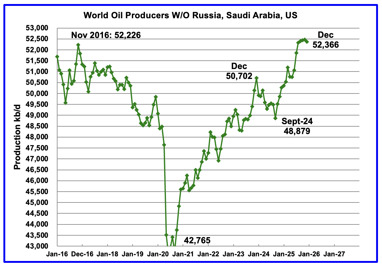 Production in the remaining countries has been slowly increasing since the September 2020 low of 42,765 kb/d but dropped in December. December 2025 production dropped by 100 kb/d to 52,366 kb/d. Gains in Brazil were offset by losses in Kazakhstan, China and Iraq,
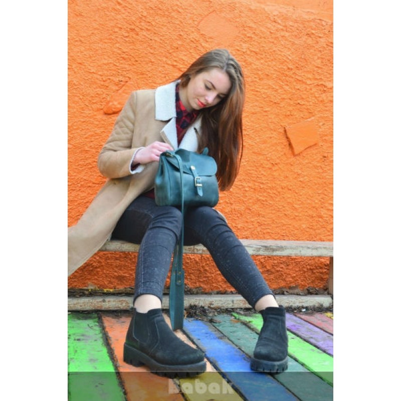 - Женская кожаная сумка Burbua 859077 тёмно-зелёная выполнена из натуральной кожи "crazy horse".
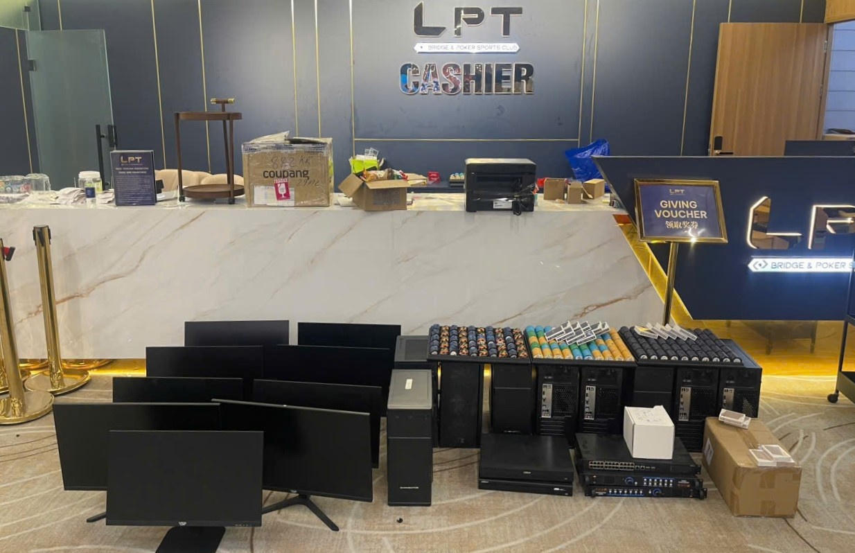 Tang vật, tài liệu thu giữ gồm 21 bàn Poker, hệ thống máy tính, màn hình hiển thị, dữ liệu quản lý người chơi, tiền liên quan đến hoạt động tổ chức giải đấu, hơn 100 điện thoại di động cùng nhiều tài liệu có liên quan.
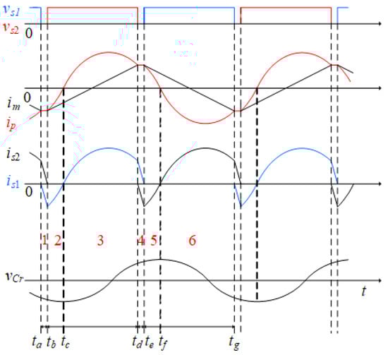 To realize the linear control of the transfer power, the frequency of the driving signal on S and S should be higher than the first resonant frequency: f > f. In this case, the system can be divided into six working modes in a switching cycle. The theoretical waveform is shown in Figure 5. Where v and v are the driving signal of the switch S and S, i is the current in the leakage inductance L, i and i are the currents flowing in the switches S and S, respectively; v is the voltage on the resonant capacitor C.
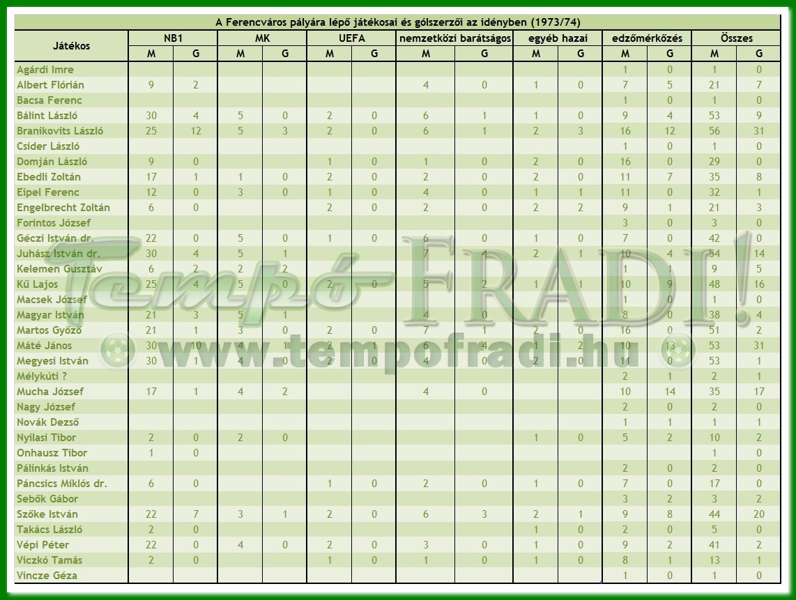 Vezetőedző: Csanádi Ferenc szakedző (1973. október 20-ig) majd Dalnoki Jenő (1973. október 20-tól)
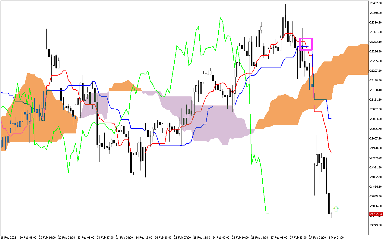 The second important signal is a change in the direction of movement of the Kumo cloud. This change is marked with a vertical purple line on the chart. The appearance of orange color in the cloud indicates a change in the main direction of movement to upward.
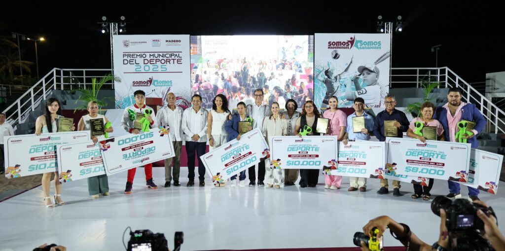 Erasmo González en su mensaje a los deportistas, expresó “Hoy, Ciudad Madero se reúne frente al mar para honrar el esfuerzo, la pasión y la disciplina de quienes han convertido el deporte en una forma de inspiración colectiva. Cada trofeo, cada medalla, cada reconocimiento que hemos entregado es símbolo de un camino recorrido con entrega, constancia y amor profundo por esta ciudad”.
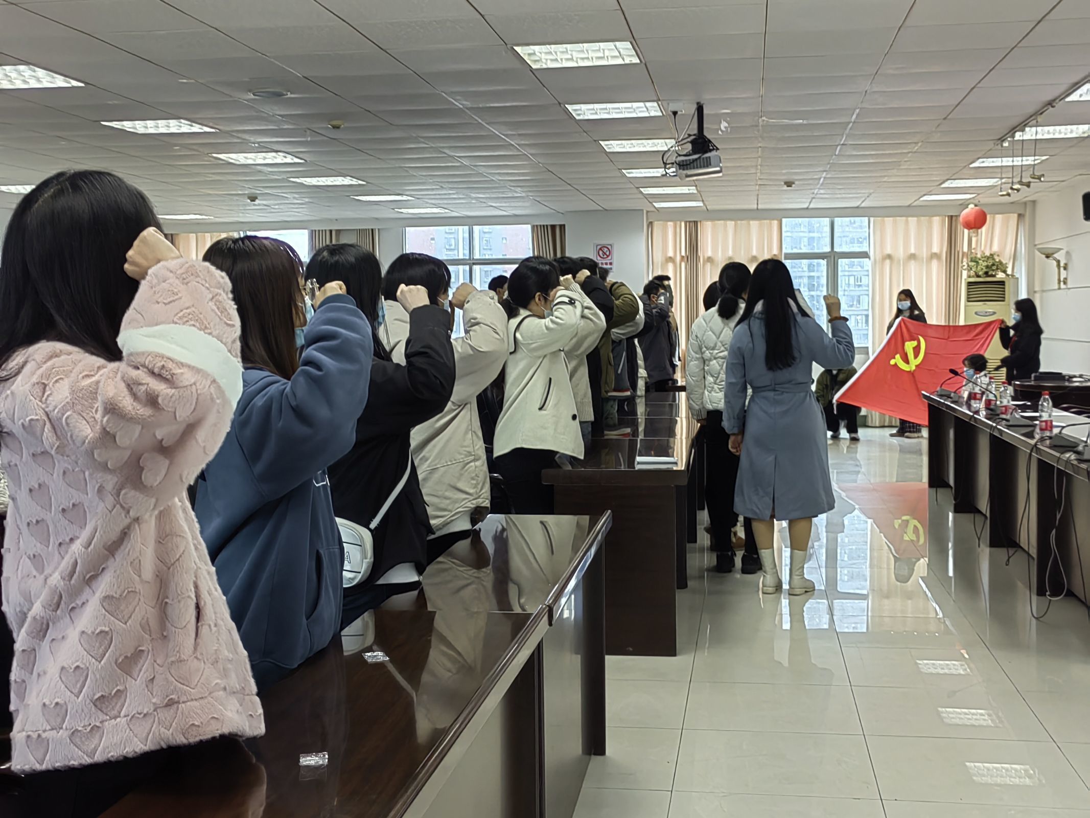 在行政楼六楼会议室举行新党员入党宣誓仪式。学院党委副书记肖启迪、党办老师、各党支部书记、73名新党员参加,仪式由学院正科级专职组织员潘吉主持。
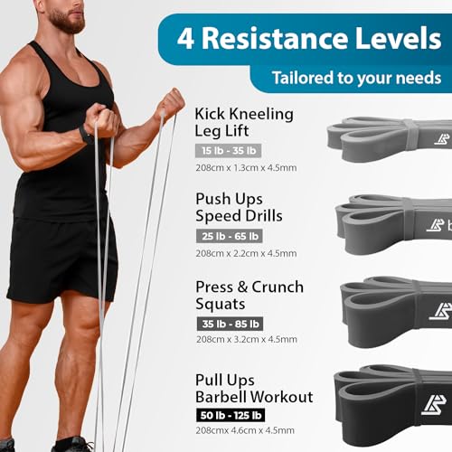 FULL BODY WORKOUTS, GRIP PADS & DOOR ANCHOR: This pull up assist bands set comes with 4 different colour-coded resistance levels available to help you increase and decrease weight intensity clearly marked 15-35LBS, 25-65LBS, 35-85LBS, 50-125LBS. These multipurpose bands can be used for different exercises such as strength training, assisted pull-ups, tension training, warm-ups and can also be used to stretch out before and after deadlifts and squats.
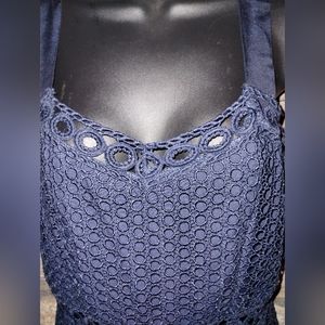 Aqua navy blue circle lace, eyelet, dress with cutouts, size medium
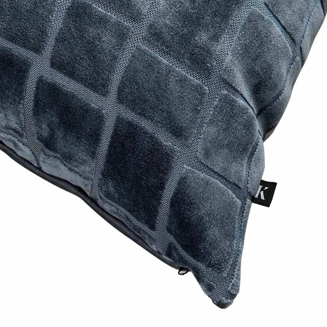 Et trendy putetrekk i velur med tekstur og markerte linjer i firkantmønster. La puten skille seg ut ved å kombinere den med nøytrale puter, eller sett den sammen med farger som harmonerer godt.
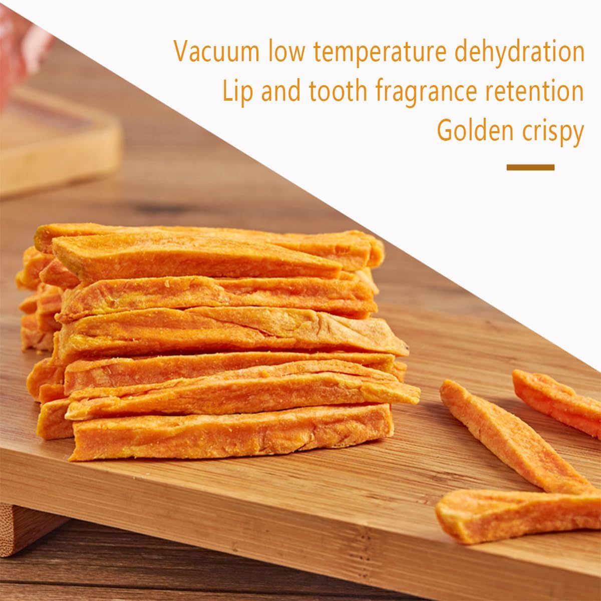 The non-traditional frying or drying process locks in the nutritional content of sweet potatoes, allowing them to be nutritious and delicious while eating snacks. Even if you eat too much coarse grains of sweet potatoes, they will not add extra burden. Dried potato chips have a crispy taste, rich flavor, and a dehydration rate of over 90%, retaining the original flavor of sweet potatoes! A must-have for working from home, tasting with family and colleagues, and sharing sweetness together.
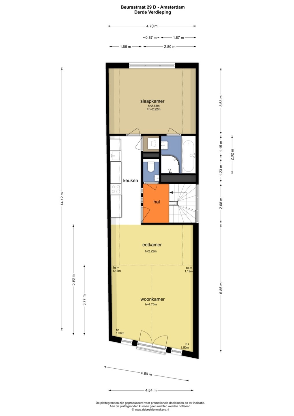Via de ronde trap achter de glazen wanden kom je op de overloop van de 4e verdieping. Bovende trap bevindt zich een dakkapel waardoor er boven en in de woonkamer via de stalen glazen wanden veel lichtinval is. Op de overloop van de 4e verdieping is in de berging een circa 4 jaar oude CV-combiketel opgesteld. Aan de voor- en achterzijde bevinden zich de knusse tweede en derde slaapkamer, beide voorzien van een dakkapel waardoor er ook daar veel lichtinval is. De gehele vierde verdieping is voorzien van een geluidswerende lichte houtlook PVC-vloer. De derde slaapkamer loopt uit in een nok waardoor er een knusse nis ontstaat, waaronder een 2-persoonsbed bed kan worden geplaatst. Uit het raam heb je uitkijk op de charmante Oude Kerk.
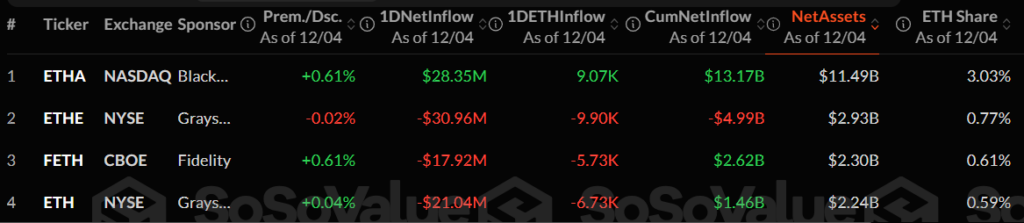 Nevertheless, BlackRock’s ETHA stood out with inflows worth $28.35 million, as other Ether funds bled.
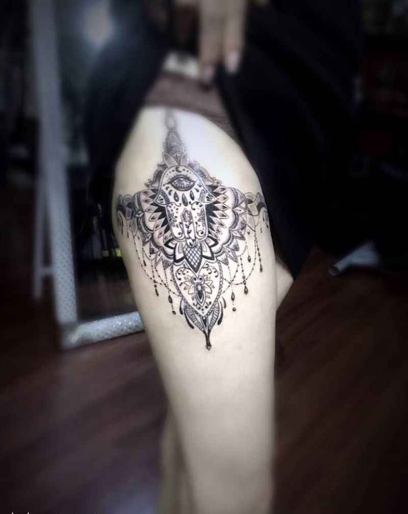 大腿法蒂玛纹身纹身图片_成品欧美腿部图腾黄岛青岛刺青青岛法蒂玛纹身图案
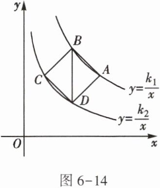 21. ($★★$)($2022$·十堰)如图$6 - 14$,正方形$ABCD$的顶点分别在反比例函数$y = \dfrac{k_{1}}{x}(k_{1} > 0)$和$y = \dfrac{k_{2}}{x}(k_{2} > 0)$的图象上.若$BD// y$轴,点$D$的横坐标为$3$,则$k_{1} + k_{2}$等于【 】
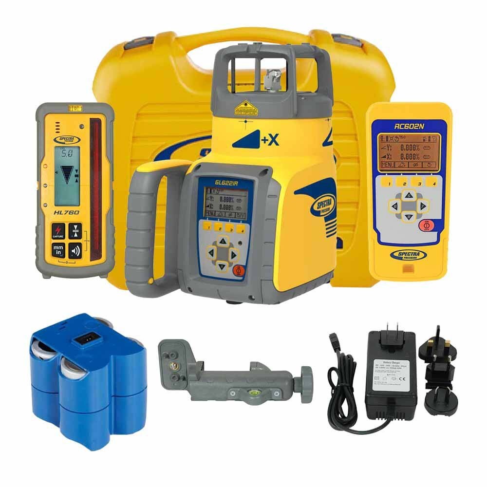 The Spectra GL622IR grade laser uses an invisible Class 1 infrared laser beam that is perfect for general construction, railway jobs, mining tasks, and other special applications where a visible beam is not safe to use. With an optional RC602N remote control, the GL622IR allows contractors to make grade changes and begin mechanical alignments remotely up to 490 feet away. This Spectra dual grade laser also performs quick setups for horizontal and grade tasks.
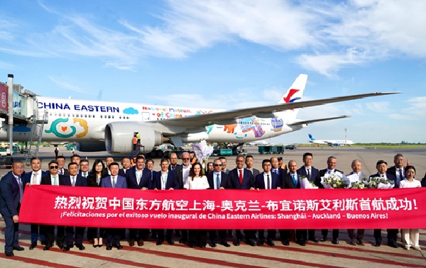 China Eastern Airlines es una de las tres principales aerolíneas estatales de China y un importante transporte aéreo a nivel mundial. La ruta inaugurada, que incluye una escala técnica de dos horas en Auckland, Nueva Zelanda, es operada por aviones Boeing 777, equipados con 6 suites de first class, 52 asientos en business y 258 en economy. El viaje tendrá una duración de aproximadamente 25 horas.
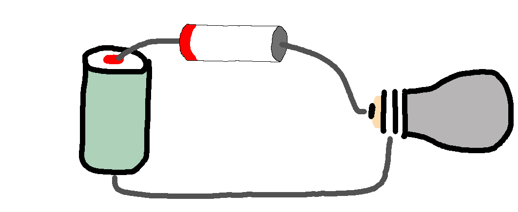 In de afbeelding hieronder staat een eenvoudige stroomkring. Een batterij en een gewoon lampje.
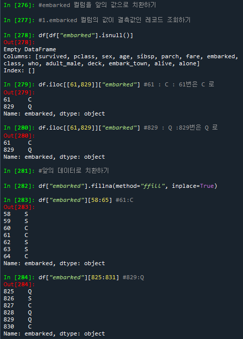 df["embark_town"].fillna(most_freq,inplace=True) # 결측값 수정
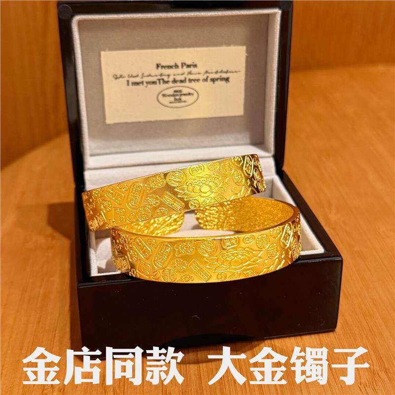古法宽版吉言开口手镯女士越南沙金仿真黄金大金镯子结婚三金首饰
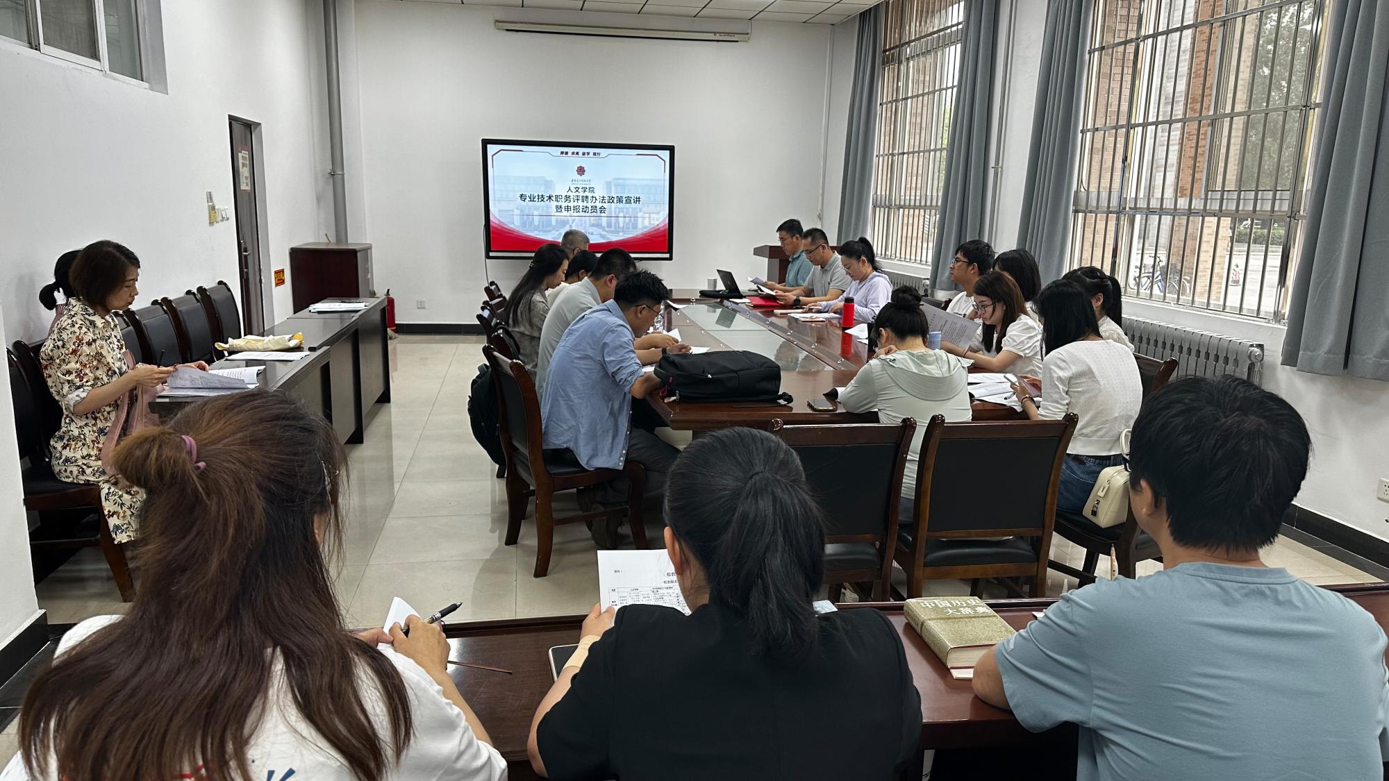 (通讯员 马婧)为扎实做好学院2024年度职称评审工作,帮助学院教师全面准确理解学校最新修订的职称评审办法内容,推动学院师资队伍建设取得实际成效,7月9日,beat365亚洲版官网召开专业技术职务评聘办法政策宣讲会暨2024年申报动员会。学院党委书记刘文博、院长石福祁、副院长孙宁及学院青年教师参会。会议由党委书记刘文博主持。
-*-
EXERCISE DIRECTIONS: When you copy the entries above, reproduce each line exactly and leave out any pictures.

EXERCISE OUTPUT:
 Production in the remaining countries has been slowly increasing since the September 2020 low of 42,765 kb/d but dropped in December. December 2025 production dropped by 100 kb/d to 52,366 kb/d. Gains in Brazil were offset by losses in Kazakhstan, China and Iraq,
 - Женская кожаная сумка Burbua 859077 тёмно-зелёная выполнена из натуральной кожи "crazy horse".
 Tang vật, tài liệu thu giữ gồm 21 bàn Poker, hệ thống máy tính, màn hình hiển thị, dữ liệu quản lý người chơi, tiền liên quan đến hoạt động tổ chức giải đấu, hơn 100 điện thoại di động cùng nhiều tài liệu có liên quan.
 To realize the linear control of the transfer power, the frequency of the driving signal on S and S should be higher than the first resonant frequency: f > f. In this case, the system can be divided into six working modes in a switching cycle. The theoretical waveform is shown in Figure 5. Where v and v are the driving signal of the switch S and S, i is the current in the leakage inductance L, i and i are the currents flowing in the switches S and S, respectively; v is the voltage on the resonant capacitor C.
 Vezetőedző: Csanádi Ferenc szakedző (1973. október 20-ig) majd Dalnoki Jenő (1973. október 20-tól)
 The second important signal is a change in the direction of movement of the Kumo cloud. This change is marked with a vertical purple line on the chart. The appearance of orange color in the cloud indicates a change in the main direction of movement to upward.
 Erasmo González en su mensaje a los deportistas, expresó “Hoy, Ciudad Madero se reúne frente al mar para honrar el esfuerzo, la pasión y la disciplina de quienes han convertido el deporte en una forma de inspiración colectiva. Cada trofeo, cada medalla, cada reconocimiento que hemos entregado es símbolo de un camino recorrido con entrega, constancia y amor profundo por esta ciudad”.
 在行政楼六楼会议室举行新党员入党宣誓仪式。学院党委副书记肖启迪、党办老师、各党支部书记、73名新党员参加,仪式由学院正科级专职组织员潘吉主持。
 FULL BODY WORKOUTS, GRIP PADS & DOOR ANCHOR: This pull up assist bands set comes with 4 different colour-coded resistance levels available to help you increase and decrease weight intensity clearly marked 15-35LBS, 25-65LBS, 35-85LBS, 50-125LBS. These multipurpose bands can be used for different exercises such as strength training, assisted pull-ups, tension training, warm-ups and can also be used to stretch out before and after deadlifts and squats.
 Aqua navy blue circle lace, eyelet, dress with cutouts, size medium
 Et trendy putetrekk i velur med tekstur og markerte linjer i firkantmønster. La puten skille seg ut ved å kombinere den med nøytrale puter, eller sett den sammen med farger som harmonerer godt.
 The non-traditional frying or drying process locks in the nutritional content of sweet potatoes, allowing them to be nutritious and delicious while eating snacks. Even if you eat too much coarse grains of sweet potatoes, they will not add extra burden. Dried potato chips have a crispy taste, rich flavor, and a dehydration rate of over 90%, retaining the original flavor of sweet potatoes! A must-have for working from home, tasting with family and colleagues, and sharing sweetness together.
Via de ronde trap achter de glazen wanden kom je op de overloop van de 4e verdieping. Bovende trap bevindt zich een dakkapel waardoor er boven en in de woonkamer via de stalen glazen wanden veel lichtinval is. Op de overloop van de 4e verdieping is in de berging een circa 4 jaar oude CV-combiketel opgesteld. Aan de voor- en achterzijde bevinden zich de knusse tweede en derde slaapkamer, beide voorzien van een dakkapel waardoor er ook daar veel lichtinval is. De gehele vierde verdieping is voorzien van een geluidswerende lichte houtlook PVC-vloer. De derde slaapkamer loopt uit in een nok waardoor er een knusse nis ontstaat, waaronder een 2-persoonsbed bed kan worden geplaatst. Uit het raam heb je uitkijk op de charmante Oude Kerk.
 Nevertheless, BlackRock’s ETHA stood out with inflows worth $28.35 million, as other Ether funds bled.
 大腿法蒂玛纹身纹身图片_成品欧美腿部图腾黄岛青岛刺青青岛法蒂玛纹身图案
 21. ($★★$)($2022$·十堰)如图$6 - 14$,正方形$ABCD$的顶点分别在反比例函数$y = \dfrac{k_{1}}{x}(k_{1} > 0)$和$y = \dfrac{k_{2}}{x}(k_{2} > 0)$的图象上.若$BD// y$轴,点$D$的横坐标为$3$,则$k_{1} + k_{2}$等于【 】
 The Spectra GL622IR grade laser uses an invisible Class 1 infrared laser beam that is perfect for general construction, railway jobs, mining tasks, and other special applications where a visible beam is not safe to use. With an optional RC602N remote control, the GL622IR allows contractors to make grade changes and begin mechanical alignments remotely up to 490 feet away. This Spectra dual grade laser also performs quick setups for horizontal and grade tasks.
 China Eastern Airlines es una de las tres principales aerolíneas estatales de China y un importante transporte aéreo a nivel mundial. La ruta inaugurada, que incluye una escala técnica de dos horas en Auckland, Nueva Zelanda, es operada por aviones Boeing 777, equipados con 6 suites de first class, 52 asientos en business y 258 en economy. El viaje tendrá una duración de aproximadamente 25 horas.
 In de afbeelding hieronder staat een eenvoudige stroomkring. Een batterij en een gewoon lampje.
 df["embark_town"].fillna(most_freq,inplace=True) # 결측값 수정
古法宽版吉言开口手镯女士越南沙金仿真黄金大金镯子结婚三金首饰
 (通讯员 马婧)为扎实做好学院2024年度职称评审工作,帮助学院教师全面准确理解学校最新修订的职称评审办法内容,推动学院师资队伍建设取得实际成效,7月9日,beat365亚洲版官网召开专业技术职务评聘办法政策宣讲会暨2024年申报动员会。学院党委书记刘文博、院长石福祁、副院长孙宁及学院青年教师参会。会议由党委书记刘文博主持。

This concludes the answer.